How Firestone saw its role, if any, in the rise of Taylor:
At no time did Firestone have a collaborative relationship with Charles Taylor. The company’s activities were focused on protecting its employees and property. The company had no ability to stop Taylor’s forces from using the plantation for any purposes. The management team relied on the guidance of officials who specialize in foreign policy, and were in regular communication regarding Firestone’s operation with the U.S. government, including the State Department and U.S. Embassy, throughout this period.
Firestone had no role in the rise of Charles Taylor. It had no role in his ability to hold power in Liberia. Charles Taylor was able to take over most of the country in just two weeks because the repressive Doe government was so deeply unpopular. Taylor had many supporters among respected governments and individuals, some enthusiastic, some simply recognizing his political and military power and hoping that he would be a better alternative to Doe.
Does Firestone believe it did the right thing? Yes. Do we, along with former U.S. presidents, the U.S. State Department, the United Nations and many leaders around the world who worked with Charles Taylor regret the war criminal he became? Yes.
Firestone’s decision to remain in Liberia was very costly for the company. The company continues to rebuild, but along with its Liberian employees Firestone was able to preserve an important economic asset for Liberia, and we are proud of that.
A characterization of Firestone’s operations in Liberia since the war:
Firestone Liberia is a leading employer in Liberia, offering among the best wages and benefits in the region to the company’s employees and their families. This includes free housing, subsidized food, paid time off and a pension upon retirement.
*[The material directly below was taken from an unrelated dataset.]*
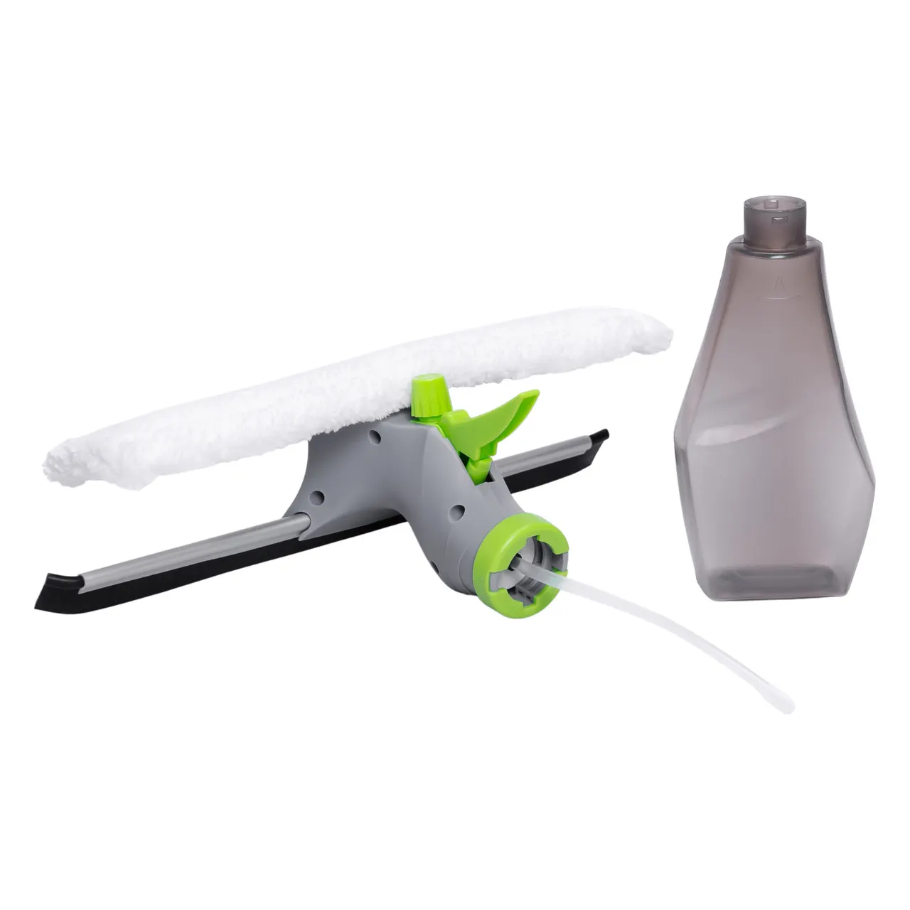 Скребок оснащений гнучким гумовим лезом, що щільно контактує з поверхнею скла, мінімізуючи розводи та залишки вологи. Курсор розпилювача має ергономічну форму, що дозволяє контролювати кількість розпилюваної рідини й зменшувати витрати миючих засобів.

Firestone Liberia’s entry-level workers are among the highest-paid in the country for the jobs they perform. Specific wages vary according to the employee’s position and responsibilities, and working conditions at Firestone Liberia are negotiated directly with FAWUL (Firestone Agricultural Workers Union of Liberia).
Additionally, we are very proud of the education and medical care we provide to our employees and their families. The company operates 27 schools that employees’ dependents may attend at no cost. Firestone’s medical facilities, including Firestone Medical Center at the rubber farm and a number of smaller clinics, are also available to treat workers and their families as part of the company’s free healthcare benefit programs.
The total compensation we offer our employees is not only competitive but among the very best in the region.